Cutting your overhead spending


My last post was on how to create a budget. This one will focus on reducing your over all spending. There are alot of things you can do that will instantly reduce your overhead bills. These are things that you need in your life but that you are paying too much on.

Step 1:
Knock over debt.
Debt is just a way for the banks to get more money off your spending. Any debt you have attracts 12-24% interest. That's nearly a quarter of the cost of the item extra that you are paying! Take your car. An average family car, second hand, costs about $20,000. If you buy it out right it will cost you that, just $20,000. But if you get a loan for it, say 5 years with Westpac thats 8.49% interest over five years so the cost of your car is actually $24,600. Would you be happy to give me $4,600 right now for nothing? No, I know I would rather have that money in a high interest savings account EARNING interest. In five years you could have earnt $1,300 interest on that money. But lets go further, do you need a $20,000 car? My car cost me $2,500. Its a 2000 Nissan Pulsar that besides needing a new battery this year ($100) has never had an issue. If I took that $17,500 extra that I could have spent on a car I could have earnt an extra $4,959 in interest from a savings account. (these figures are based on ASIC moneysmart calculator which is a great tool).  After those 5 years i can actually trade my car in and use the interest to upgrade to a nice 2008 Subaru Forester. That's basically a free car for waiting 5yrs...

Credit cards, store cards they all amount to the same thing. You are spending money you don't have. Just wait until you have the money, then buy it. Alot of people want what their parents have, they want the nice house with the new furniture and expensive sound system their mates have. But your parents have had about an extra 30yrs to save up and buy those things. Your friends might have the latest smart phone but it cost them $2000 for something that they will get rid of at the end of their contract in 2yrs for the next one. Which brings me to the next step.

Step 2:
Latest and greatest and surfing the market.
Just because everyone else has it doesn't mean its better. I recently ended my phone contract. It was $120 a month for the newest samsung galaxy phone (which my son broke 2 months into the contract). This time i went in and said i want a phone that wont break. He of course went and got the latest Galaxy s10 which was a cool $2200 for the length of the contract. It was too big for me to hold in one hand and the state of the art curved screen served no purpose at all except making me accidental select things when i was trying to hold it. I said no i liked the look of the one at the end called a Tough phone. It looked robust! He looked doubtful and said oh well its ok but the samsung had 4 lenses so your photos will look so much better! I'm not taking professional photos on my phone, im taking happy snaps to post on my facebook. Eventually he went and fetched my $400 Telstra tough phone. It had a rubber cover which meant it was impact resistant and waterproof for up to 30mins. My phone plan now costs $66 a month ($9 a month of that is the phone). This meant a saving of $648 a year not to mention i wont be upgrading at the end of the contract so my plan will go down to just $57 a month after that which I can even re negotiate to a $20 prepaid month to month.

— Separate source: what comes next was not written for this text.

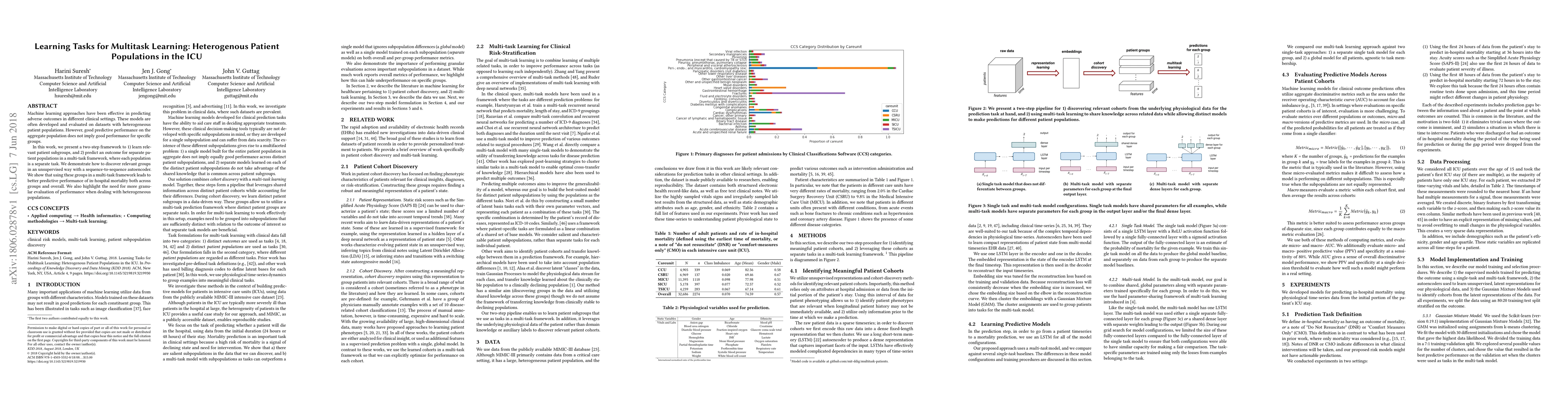 Machine learning approaches have been effective in predicting adverse outcomes in different clinical settings. These models are often developed and evaluated on datasets with heterogeneous patient populations. However, good predictive performance on the aggregate population does not imply good performance for specific groups. In this work, we present a two-step framework to 1) learn relevant patient subgroups, and 2) predict an outcome for separate patient populations in a multi-task framework, where each population is a separate task. We demonstrate how to discover relevant groups in an unsupervised way with a sequence-to-sequence autoencoder. We show that using these groups in a multi-task framework leads to better predictive performance of in-hospital mortality both across groups and overall. We also highlight the need for more granular evaluation of performance when dealing with heterogeneous populations.

So step 2 is to go through your expenses and see what you can renegotiate or buy used. Can you pay off your loans faster to save interest. Can you go with a different insurance company? I moved from my old contents insurance to ING and saved $200 a year. Even my old company admitted that was a great deal and they couldn't beat it. Paying annually is also a great way to cut $$ off your policy.

Step 3:
Once you find the best deals raise your excess. In my budgeting post i mentioned you should be saving 10% of your income each pay. This money is your nest egg. Its there incase of emergencies like a house fire or your car getting in a smash. Use this money to cover the excess. Raising your excess lowers your premium on something you might never need, fingers crossed. I pay $21 a month for contents insurance with a $1000 excess. At the lower $500 excess I would have been $35 out of pocket each month, thats a saving of $168 a year. Most of us will never need to claim on our insurance, but its best to have it just incase.

Step 4:

Now that you have lowered as many of your costs as you can you need to sell all your junk. No really, most people have about $2000 worth of unused stuff in their homes. I want you to gather it all up and have a garage sale, put it on gumtree (craigslist in America i think) or your local online market place. Then with the money you make boost your savings to at least $2000 or I think one months income is the best amount. The rest can go to paying off your debts. Not only is it a great way to clean out your home but you make instant cash doing it. Having a uncluttered home will make you feel calmer and less likely to want to fill it with junk again.



So this post has covered paying off debts, finding better deals on your fixed expenses and raising your excess to save on premiums. These tips should save you about $300-$500 a year. Down grade where you can, buy used and save the difference.